Faut-il liquider Sodimédical ? Le tribunal de commerce de Troyes va à nouveau se poser la question cet après-midi à 15 h.
Une séance cruciale pour les 52 salariés de Sodimédical qui se battent depuis maintenant plus de deux ans pour sauver leurs emplois.
Pour mémoire, le tribunal a été saisi de trois (quatre même si l'on compte celle avortée de décembre 2010) demandes de liquidation de la société de Plancy-l'Abbaye. La première fois, en février 2011, il l'avait refusé, constatant qu'il s'agissait d'un abus de droit du groupe Lohmann&Rauscher qui cherchait ainsi à échapper à toute responsabilité dans la fermeture de l'usine plancéenne (la juge au civil a interdit les licenciements en février 2011, faute de «cause économique»).
La seconde fois, en août 2011, il l'avait accepté « pour en finir ». Cela permettait aussi de faire intervenir le fonds de garantie des salaires. Mais les salariés, eux, voulaient obtenir justice. La cour d'appel de Reims a donc logiquement cassé cette décision, revenant à la première analyse.

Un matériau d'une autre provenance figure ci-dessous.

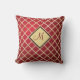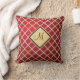 Red Elegant Gold Diamond Pattern Monogram Throw Pillow

En janvier 2012, revoilà Lohmann&Rauscher demandant exactement la même chose. Prudent, le tribunal avait préféré botter en touche et attendre la décision de la Cour de cassation.

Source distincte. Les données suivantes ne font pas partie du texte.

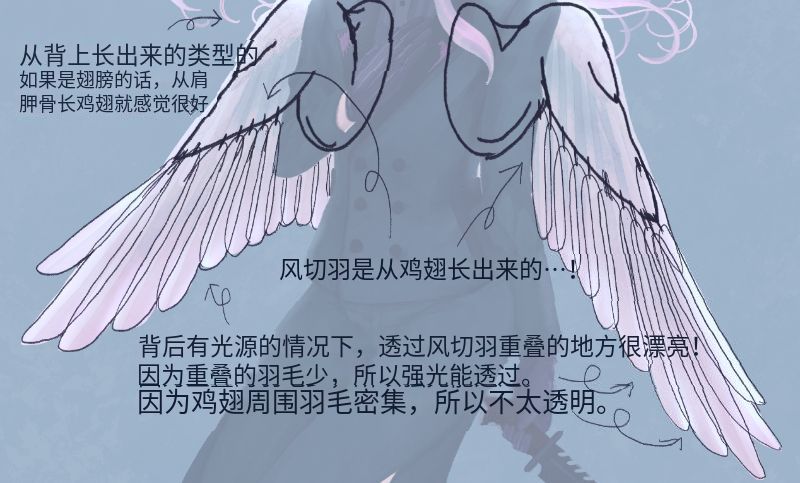 如果是背上长的翅膀的话,从肩胛骨上长出鸡翅会比较好

Depuis, la Cour s'est prononcée (sur la première demande de liquidation) et son arrêt du 3 juillet est très clair. Pour elle, Sodimédical doit être liquidé et peu importe qu'il s'agisse d'une fraude éhontée. Ce qui revient à fossoyer le code du travail grâce au code de commerce, mais les juges estiment qu'il n'appartient pas au tribunal de commerce de se poser la question du «mobile» de la déclaration de cessation de paiement.
L'affaire est-elle entendue alors ? Pas si sûr. D'abord parce que l'arrêt de la cour de cassation n'est pas définitif. L'affaire est renvoyée devant la cour d'appel de Paris qui pourrait très bien se rebeller et reposer à la cour de cassation la grave question de l'abus de droit. Ensuite parce que, depuis, la cour d'appel de Reims a jugé le 11 juillet dernier qu'il y avait un responsable dans cette histoire : le groupe Lohmann&Rauscher dans son ensemble. Ce dernier est condamné à payer les salaires et pratiquement jugé co-employeur des 52 salariés de Sodimédical. Où est donc l'état de cessation de paiement avancé par les représentants de L&R, par ailleurs gérants de Sodimédical ? Le tribunal de commerce risque donc d'avoir de forts maux de tête en se penchant sur le dossier.
Les salariés de Sodimédical, malgré onze mois sans salaires, sont prêtes à tenir quelques semaines de plus. L'appel aux parrainages (un parrain avance 1 000 € par mois à chaque salarié) a fonctionné et ils peuvent aujourd'hui faire face aux urgences. L'argument humanitaire s'est ainsi éteint. Le tribunal doit donc dire le droit.
Aujourd'hui, il peut renvoyer l'affaire jusqu'à la décision définitive de la Cour de cassation. Il peut aussi constater l'état de cessation de paiement et renvoyer l'affaire en chambre du conseil où sera appréciée la situation de l'entreprise. L'inflexion prise aujourd'hui sera déterminante. Une chose néanmoins est sûre. Quelle que soit la décision, il y aura appel. L'affaire n'est pas finie. Loin de là.